1
votes

Try to get type of properties of an object based on the following typescript tutorial link but it acts like javascript and returns value of the property instead of the type:

const x = { foo: 10, bar: 'hello!' };
const foo = getProperty(x, 'foo'); // number
console.log(foo);

function getProperty<T, K extends keyof T>(obj: T, key: K) {
  return obj[key];  // Inferred type is T[K]
}

but it shows the value 10 instead of type number for example. Any idea?

To clarify, please look into the following link, which is about TypeScript keyof and Lookup Types, I expect the above code in typescript angular component returns the type of property, not the value of that:

https://www.typescriptlang.org/docs/handbook/release-notes/typescript-2-1.html

1
That code does exactly what i expect it to do. - H.B.
You need to return typeof obj[key] if you want its type. obj[key] is what it is, the value for that key. - Jeto
@Jeto :: Not actually, You would get a return value of the type "string" | "number" | "boolean" | "symbol" | "undefined" | "object" | "function", because you're using the JavaScript typeof operator at runtime, which returns a string like "object", not the compile-time type seen by TypeScript. - Farhad
@Farhad True, but what about obj[key].constructor.name then?
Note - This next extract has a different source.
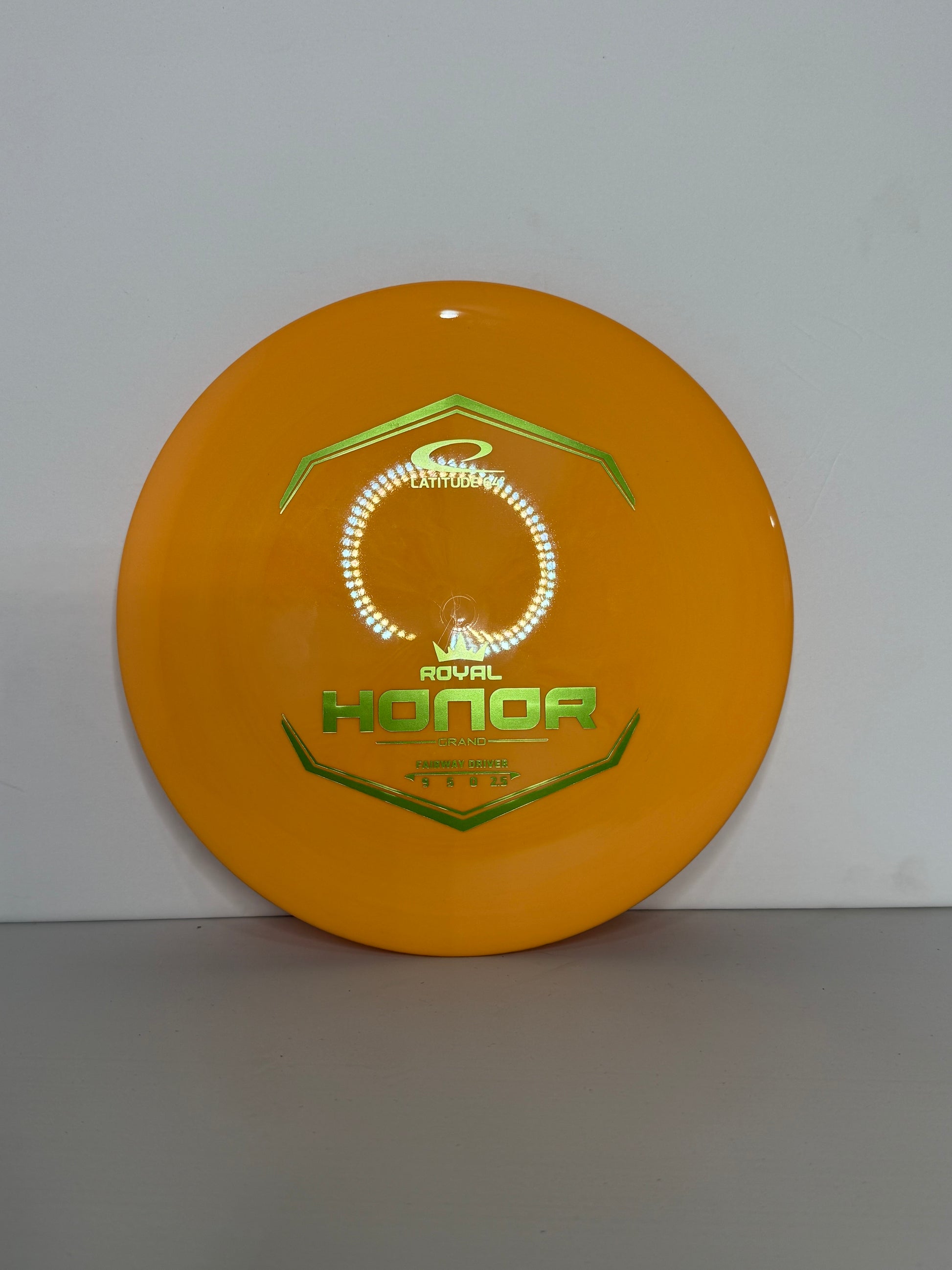 Introducing the Latitude 64 Royal Honor, a top-of-the-line fairway driver. Crafted with precision engineering and designed for superior performance, the Royal Honor offers a powerful drive and impressive accuracy on the course. With a sleek and durable build, experience the next level of disc golf with Royal Honor.

See stackblitz.com/edit/angular-cjcxa6 (only main.ts is used, check browser console) for an example. I'm fairly new to TypeScript so sorry if that's obvious (object.constructor is just JS though). - Jeto

1 Answers

0
votes

You can use this pattern with other parts of the type system to get type-safe lookups

...is what was stated, which is this: Getting property values.

If you want to get type information you have to use things like reflect-metadata. Not sure if the emission of this information can be fully automated though. Types in TypeScript only exist before compilation, so without using some kind of annotation system, there is no way of getting that information during run time.

You can of course always get the type of a value using typeof (could be added to the function above) but you will always need an instance of the class and the property has to be set to a valid value.